U.K. (pound)6,000,000                                              June 5, 1997



         FOR VALUE RECEIVED, the undersigned, BRITISH TRIMMINGS LIMITED, an
English company (the "Borrower"), promises to pay to the order of

         NATIONSBANK, N.A., a national banking association (the "Bank") at its
London Branch (or at such other place or places as the Bank may designate with
the Borrower's written consent, such consent not to be unreasonably withheld)

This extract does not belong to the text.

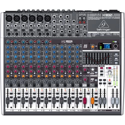 - 18-kanałowy mikser z 3/2 podgrupami z przedwzmacniaczami mikrofonowymi Xenyx i kompresorami, klasyczną "brytyjską" korekcją, 24-bitowym procesorem efektów oraz interfejsem audio USB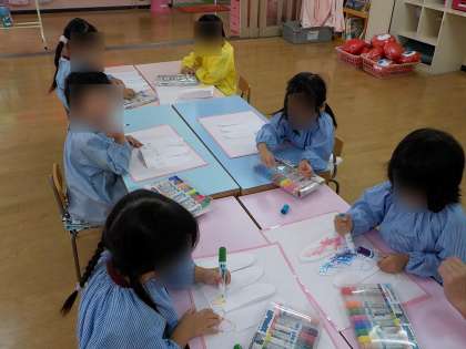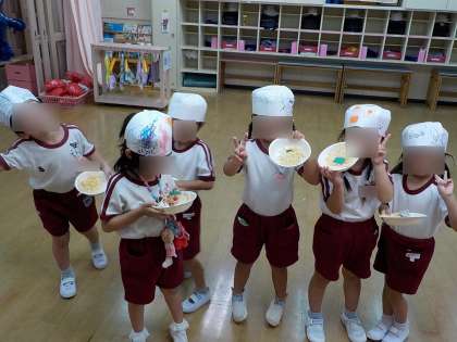 今日はみんなでラーメン屋さんごっこをして遊びました。「グルグルの模様だよ」「ラーメンかいた」とお絵かきをしたラーメン帽子をかぶって、ラーメン屋さんになりきって遊びました。みんなで毛糸や画用紙を、麺やトッピングに見立ててラーメンをつくりましたよ。

the principal sum of up to

         SIX MILLION POUNDS STERLING (U.K. (pound)6,000,000), or such lesser
amount as may constitute the unpaid principal amount of the Sterling Advances
(as hereinafter defined), pursuant to the terms and conditions hereinafter set
forth and the terms and conditions set forth in that certain Loan Agreement,
dated November 25, 1996, as amended (if amended), executed by and between Conso
Products Company ("Conso") and the Bank (the "Loan Agreement").

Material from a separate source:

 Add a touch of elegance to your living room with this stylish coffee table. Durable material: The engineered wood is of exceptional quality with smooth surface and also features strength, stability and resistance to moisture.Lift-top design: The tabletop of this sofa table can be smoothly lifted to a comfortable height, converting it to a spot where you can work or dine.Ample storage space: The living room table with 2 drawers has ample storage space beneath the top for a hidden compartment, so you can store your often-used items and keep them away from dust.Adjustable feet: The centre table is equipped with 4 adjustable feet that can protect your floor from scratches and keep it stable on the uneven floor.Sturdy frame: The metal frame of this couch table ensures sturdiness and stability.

         Advances. The Borrower, in accordance with the terms hereof, may from
time to time until December 1, 1998 (the "Termination Date") request offers from
the Bank for advances in U.K. Pounds Sterling (hereinafter the "Sterling
Advances") in an aggregate amount up to (pound)6,000,000 at any time outstanding
based on an interest rate equal to the Adjusted LIBOR Rate plus 1.00% per annum;
provided, however, no more than five Sterling Advances may be outstanding at any
one time. Upon receipt of such a request for a Sterling Advance hereunder, the
Bank shall make any such Sterling Advance hereunder on the terms and conditions
set forth herein and in the Loan Agreement; provided, however, the Bank shall
not be obligated to make such advance unless Conso has satisfied the conditions
set forth in Section 2.05 of the Loan Agreement. To request an offer for a
Sterling Advance hereunder, the Borrower shall make a written request of the
Bank for an offer for a Sterling Advance under this Note (hereinafter, a
"Request for Sterling Advance") not later than 11:00 a.m. (London time) on the
business day of the proposed Sterling Advance which notice shall specify (i)

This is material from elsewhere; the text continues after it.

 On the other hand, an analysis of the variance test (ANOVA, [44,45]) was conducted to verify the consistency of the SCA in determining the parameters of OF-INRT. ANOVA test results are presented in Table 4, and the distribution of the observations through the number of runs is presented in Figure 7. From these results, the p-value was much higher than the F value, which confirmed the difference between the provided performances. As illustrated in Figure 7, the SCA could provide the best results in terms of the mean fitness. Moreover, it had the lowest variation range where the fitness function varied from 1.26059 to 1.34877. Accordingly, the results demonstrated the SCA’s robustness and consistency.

that the requested Sterling Advance would be made under this Note, (ii) the date
of the requested Sterling Advance (which shall be a business day), (iii) the
amount of the requested Sterling Advance which shall be in a minimum principal
amount of (pound)250,000 and integral multiples of (pound)250,000 in excess
thereof, and (iv) the requested Interest Period with respect thereto. In
response to any such Request for a Sterling Advance, the Bank shall respond to
the Borrower by 11:30 a.m. (London time) on the business day of the proposed
Sterling Advance specifying the applicable Adjusted LIBOR Rate for such Sterling
Advance (the "Offer for Sterling Advance"). The Borrower may then by telephone
or telecopy (and if by telephone, promptly confirmed by telecopy) by 11:30 a.m.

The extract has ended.